This argument fails on each level. First, defendants cite no case describing
Privette, supra, 5 Cal.4th 689 as a form of the primary-assumption-of-risk doctrine. The
phrase "primary assumption" is not even in Privette, nor does it appear in Kinsman,
supra, 37 Cal.4th 659. Contrary to appellants' contention, the two doctrines are distinct.
Primary assumption of risk addresses whether the defendant owes the plaintiff a duty of
16
care (Knight, supra, 3 Cal.4th at pp. 308–309), whereas Privette addresses who owes the
injured worker an admitted duty of care—the hirer, or the independent contractor.
Second, defendants' reliance on Ruiz, supra, 130 Cal.App.4th 52 is inapt because
there is no evidence that defendants were West Pack's agent. " 'Agency is the
relationship which results from the manifestation of consent by one person to another that
the other shall act on his behalf and subject to his control, and consent by the other so to
act.' " (van't Rood v. County of Santa Clara (2003) 113 Cal.App.4th 549, 571.) "In order
to create an agency, the principal must confirm authority upon the agent." (Kim v.
Sumitomo Bank (1993) 17 Cal.App.4th 974, 983.) "The chief characteristic of the agency
is that of representation, the authority to act for and in the place of the principal for the
purpose of bringing him or her into legal relations with third parties." (Daniels v. Select
Portfolio Servicing, Inc. (2016) 246 Cal.App.4th 1150, 1171.)
Defendants cite no evidence that West Pack had the right to control defendants
with respect to the roof inspection. " 'To permit a finding of agency upon this evidence
would be, in effect, to hold that one who performs a mere favor for another, without
being subject to any legal duty of service and without assenting to any right of control,
can be an agent. This is not the law.' " (Violette v. Shoup (1993) 16 Cal.App.4th 611,
620.)
In a related argument, defendants state, "It makes no sense to adopt differing rules
depending on whether the injured roofer sues the warehouse buyer who hired him or the
warehouse seller who was required to allow the buyer to inspect the property." We
disagree. Applying primary assumption of risk depends on " 'the nature of the activity
17
and the relationship of the defendant to the plaintiff.' " (Neighbarger, supra, 8 Cal.4th at
p. 545, italics added.) Applying the primary assumption of risk doctrine is error "when
the defendant is a third party who has not secured the services of the plaintiff or
otherwise entered into any relationship with the plaintiff." (Ibid.)

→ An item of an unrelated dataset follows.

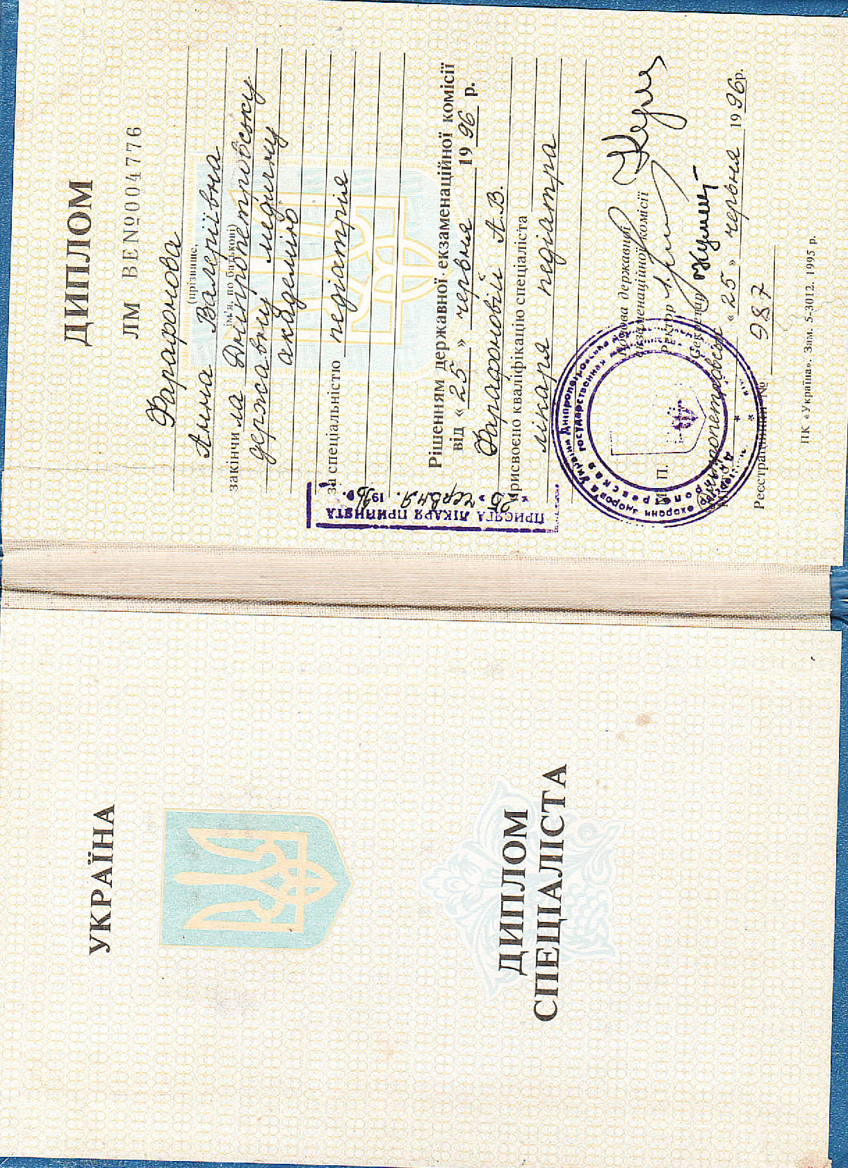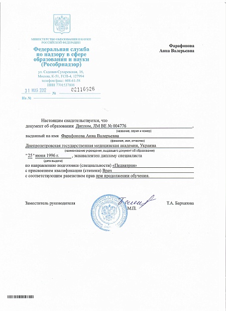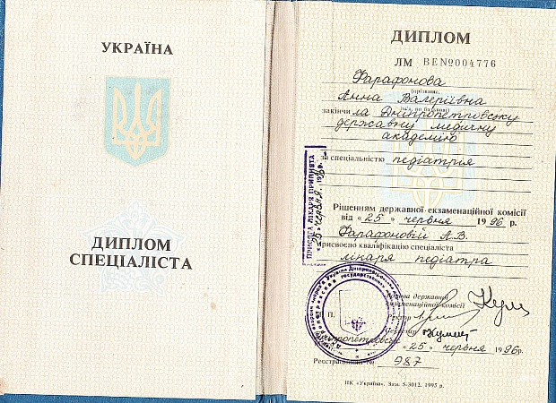 - 1996 г. - ДГМА по специальности «Педиатрия»;

Defendants also rely on a portion of the Supreme Court's Kinsman opinion that
states: "[T]he principles enunciated in Privette suggest that the landowner would not be
liable when the contractor has failed to engage in inspections of the premises implicitly or
explicitly delegated to it. Thus, for example, an employee of a roofing contractor sent to
repair a defective roof would generally not be able to sue the hirer if injured when he fell
through the same roof due to a structural defect, inasmuch as inspection for such defects
could reasonably be implied to be within the scope of the contractor's employment."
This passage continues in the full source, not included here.